I wish some agency, network or news organization would quit publishing information on the “likely” further gasoline price increases which are put out mainly by people who have an interest in obtaining those higher prices. They do it to facilitate a “softening” of public which begins to accept them as inevitable, without outcry or serious objection.

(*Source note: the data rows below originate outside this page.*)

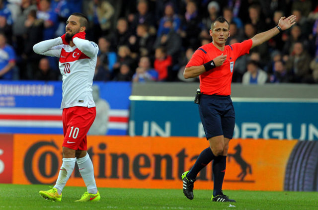 İzlanda-Türkiye: Ömer Toprak'a kırmızı çıkarttı. 3 oyuncuya sarı kart.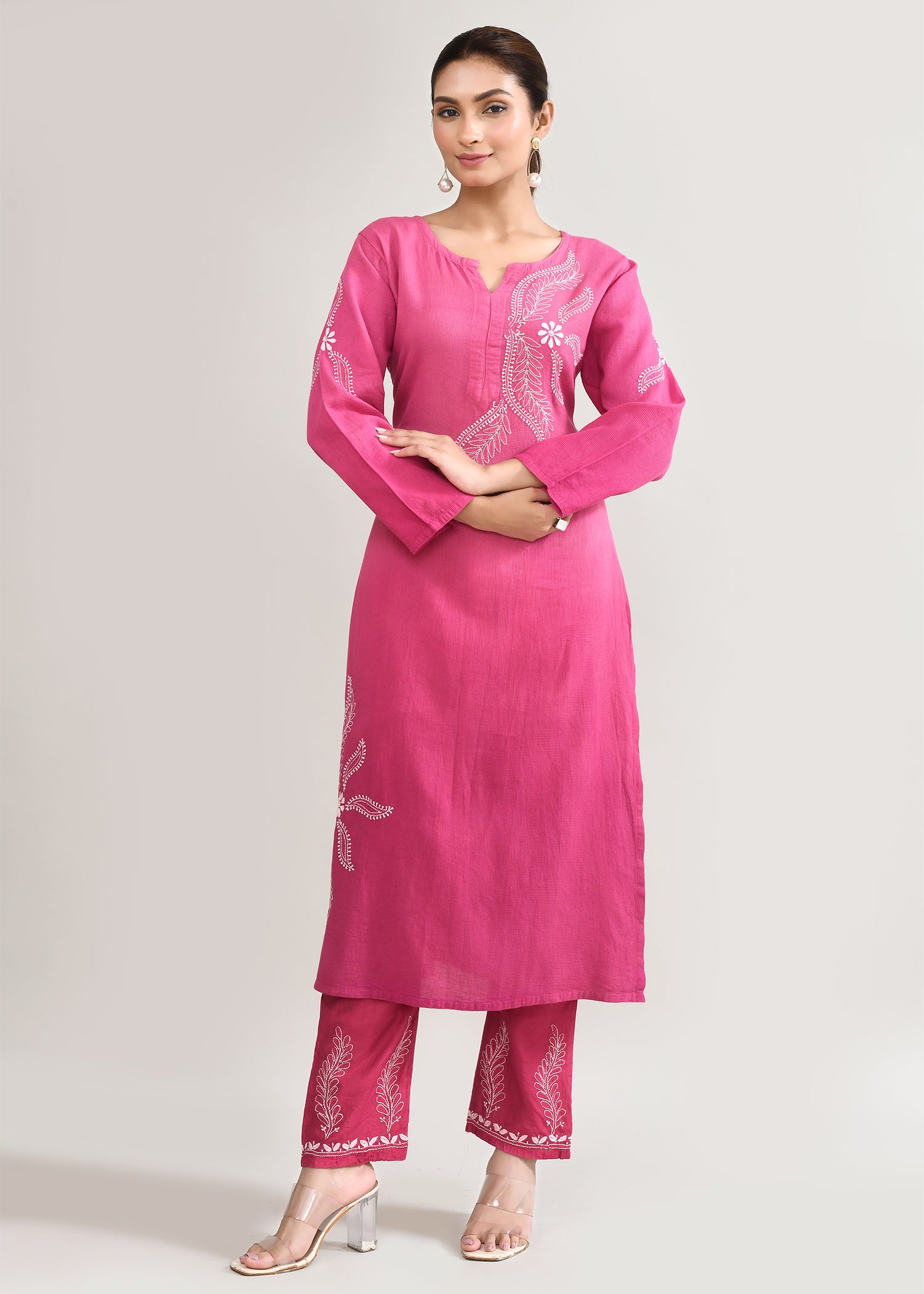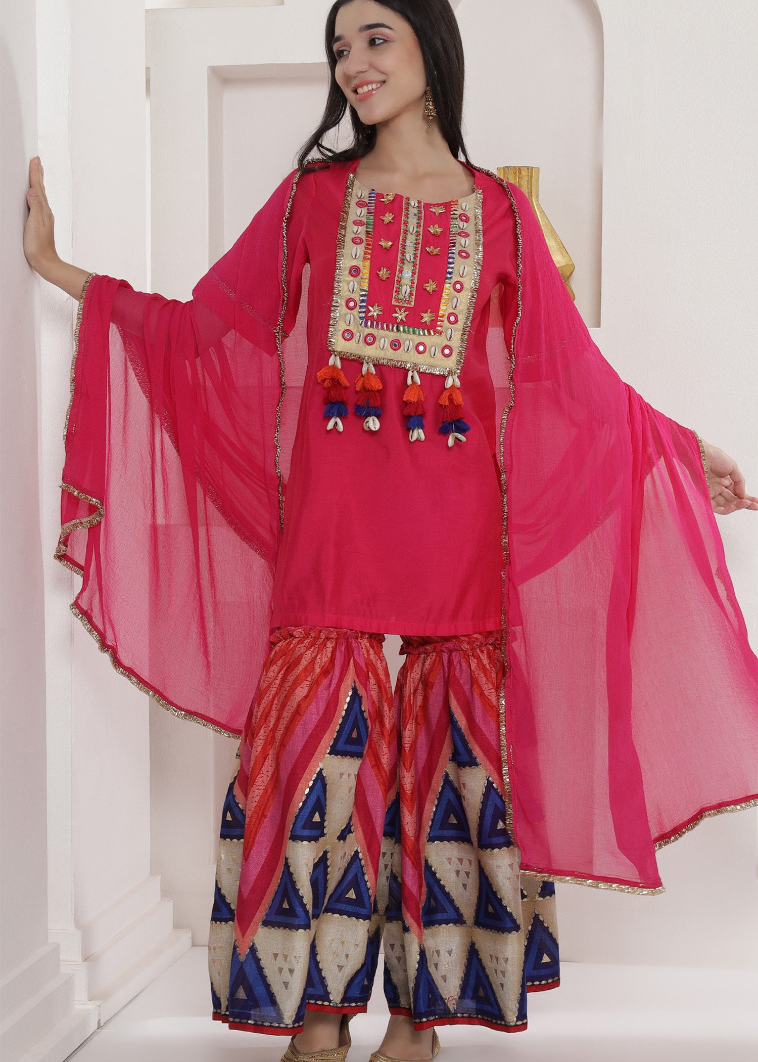 Mexican Pink Banarasi Kota Silk Saree With Floral Jaal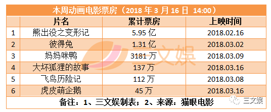 国内动画电影《妈妈咪鸭》,自上映以来一直保持高分高评价的节奏,票房也在大幅度上升。法国动画电影《飞鸟历险记》票房最近没有什么长进,今日新上映两部法国动漫电影《大坏狐狸的故事》和《虎皮萌企鹅》,首日上映,票房表现还算不错。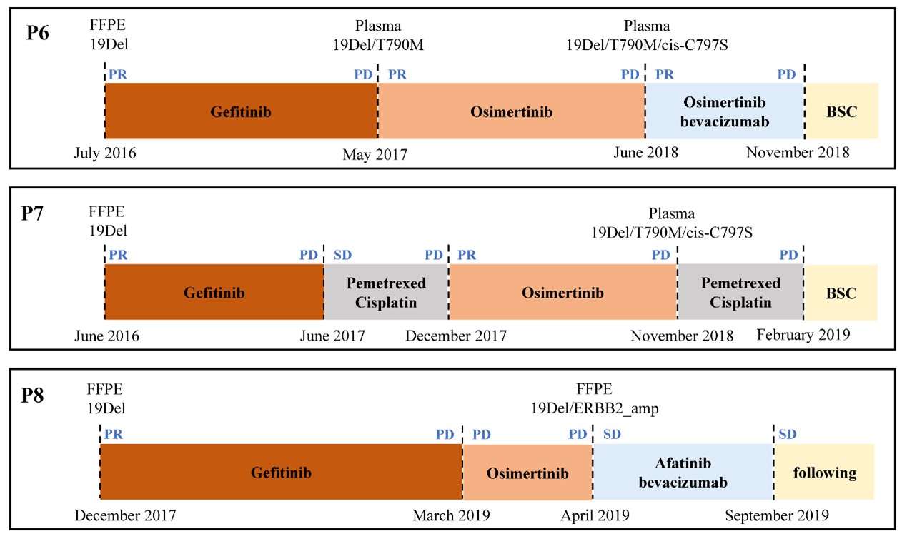 肿瘤之所以难以治愈,很大原因是由于肿瘤在治疗的过程中发生了耐药、进展。本研究描述了3名对EGFR TKIs产生了获得性耐药患者的临床治疗过程,并展示了基因组检测对于帮助临床医生区分每个患者的特定耐药机制并制定个性化医疗策略的价值(图2)。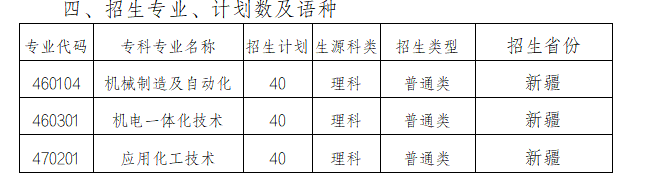 高职阶段:应用化工技术专业由新疆石河子职业技术学院化工与环境工程学院负责
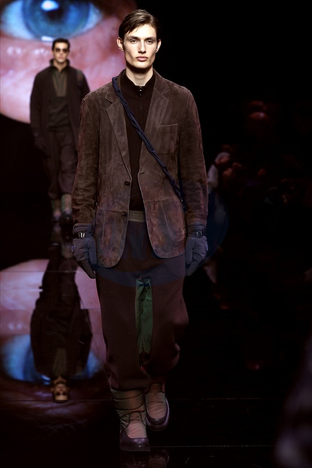 Męska kolekcja gotowych do noszenia Emporio Armani na jesień/zimę 2024 pokaz podczas Tygodnia Mody w Mediolanie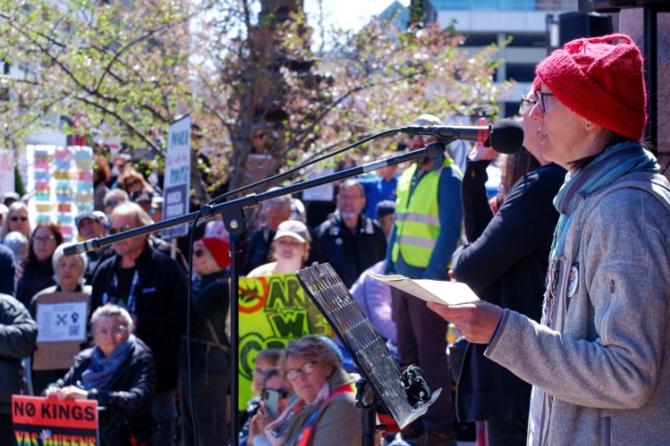 Speakers addressed the fragility of democracy and authoritarianism. Civic organizations recruited people for voter registration, mutual aid, nonviolent disruption, strikes, boycotts and other coordinated-action efforts.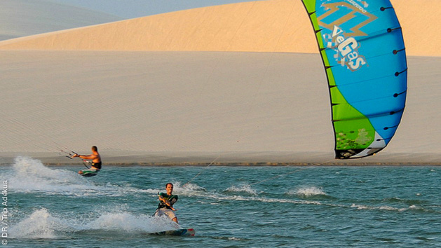 Il suffit donc de vadrouiller un peu en buggy pour trouver de belles lagunes intérieures et d’autres spots plus beaux les uns que les autres, et toujours ventés. D’Icaraizinho (à 130 km au sud), jusqu’à Barra Grande, c’est une immense plage avec les spots de kite qui s’enchaînent : Icaraizinho, Ilha Do Guajiru, Jericoacoara, Prea… Autant vous dire que les downwinds dans cette région du Brésil sont incontournables !
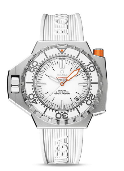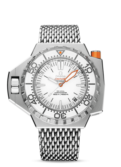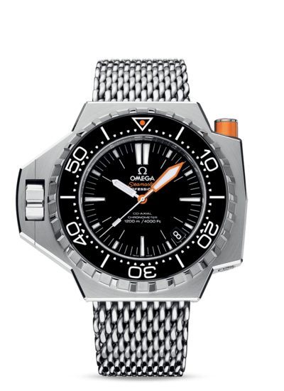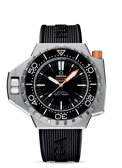 About this WatchThe Omega Seamaster PloProf 1200m Co-Axial is designed to withstand the instense pressure found in the ocean's depths. The Omega PloProf boasts a screw-in crown, 120 bar water resistance, automatic helium escape valve, and bezel security pusher.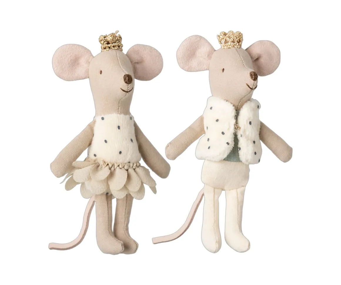Dos hermanitos gemelos reales ratón hermano y hermana pequeños. Duermen en una cajita de cerillas y llevan puestas coronas y preciosos atuendos reales, además en la cajita se encuentra ropa de capa para que su descanso sea lo más cómodo posible.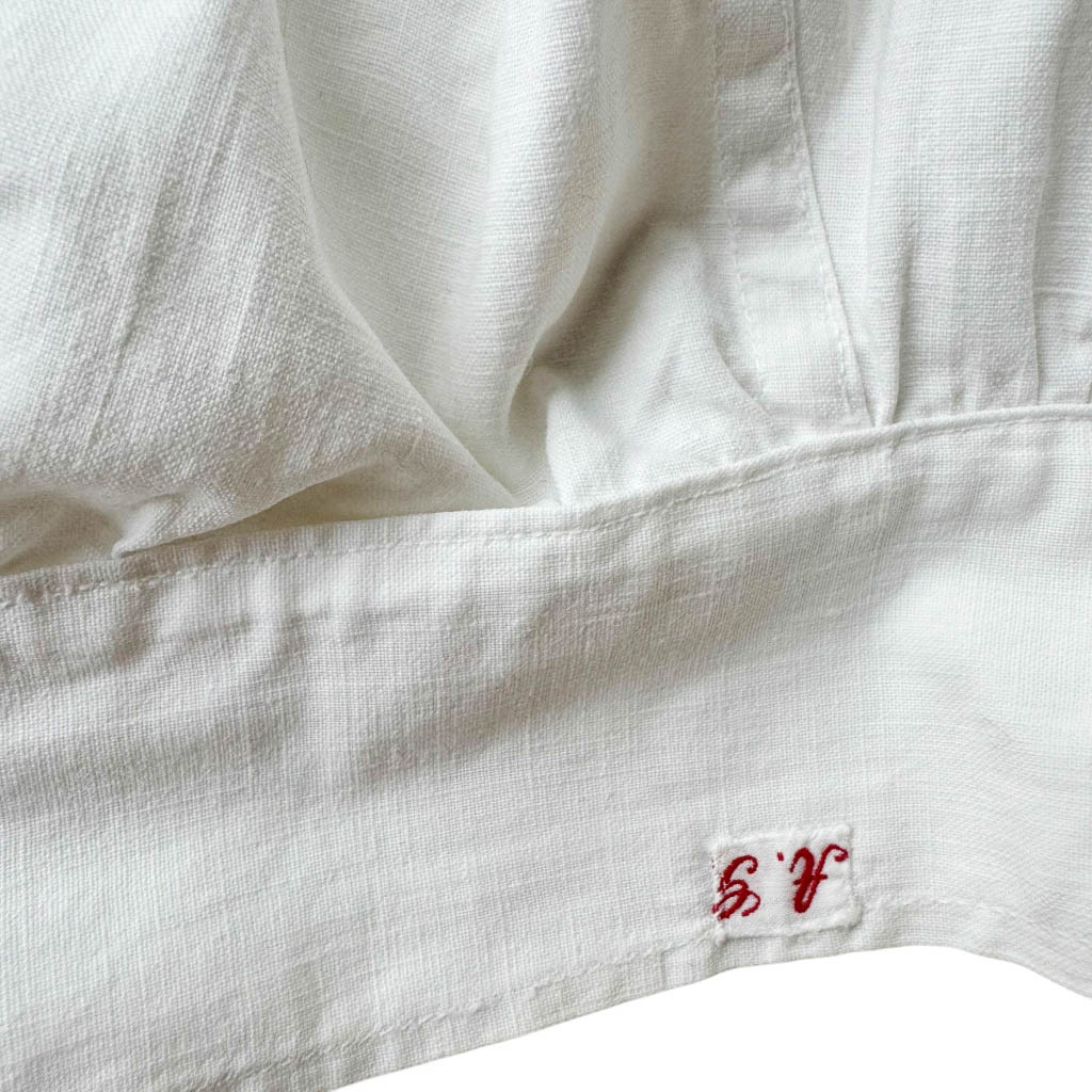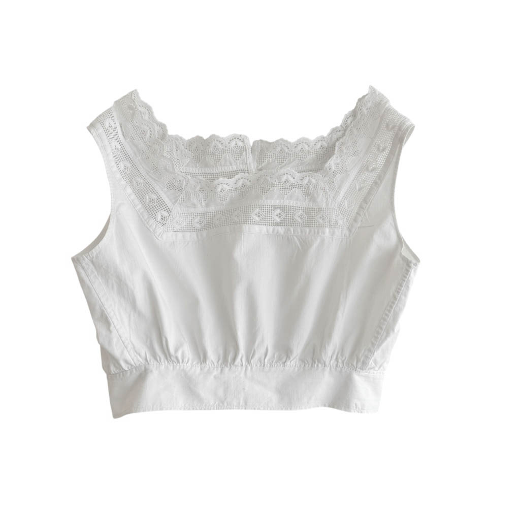 Lingerie 1905 crop top brassière AG Elephant Paris Vintage Ravissant top sans manches en pur coton et dentelle, brodé à la main AG au fil rouge d’époque 1 9 0 0, les finitions et les boutonnières sont cousues à la main Très bel état général, boutonnage se fait dans le dos, la taille haute est marquée, Taille globale X S – 3 4 / 3 6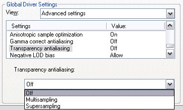 В драйверах можно выбрать один из двух режимов работы transparent antialiasing: мультисэмплинг и суперсэмплинг. Либо выключить новые режимы вообще (это значение по умолчанию), тогда мы получим антиалиасинг, аналогичный реализованному в чипах NV40-NV45.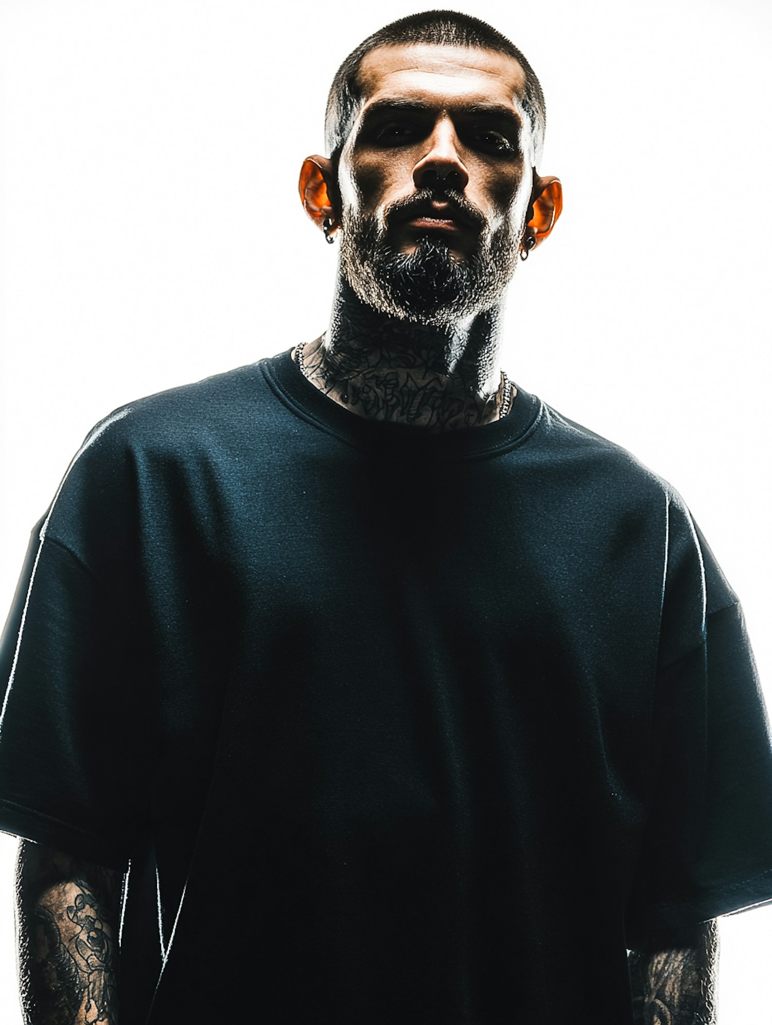 A man with tattoos and a beard in a black t-shirt, standing against a bright white background with dramatic lighting.

Should someone be asking “why,really why?” given the reserves,etc.
Lee Miskowski
Hi, Lee,
I must admit I’m reluctant to give up publishing such stories but I do find it interesting that this time ’round there has been virtually no real public outcry as gas nudges back up to $4.
Paul A. Eisenstein
Publisher, TheDetroitBureau.com
It’s amusing to me to drive a mid-size 40 mpg non-hybrid now with 192,000 miles on it. My 2005 Mercedes E320CDI is running strong, has the midrange power of a V8 and can get over 40 mpg on the highway. Really, the cars that say they get 40 mpg are just for highway on the EPA cycle which is optimistic for gasoline powered cars, pessimistic for diesels. Diesels have low and mid-range torque which is much more of what is used in every day driving in the US than peaky horsepower, although as is said here, technology has come a long way and is continuing to improve.
Hi, Peter,
I’m also a diesel fan and constantly amazed how far the technology has come in recent years. It’s too bad more makers aren’t willing to give a push to the technology. As you suggest, for many Americans, the torquey nature of the diesel – especially modern turbodiesels — is perfect for what they expect and need.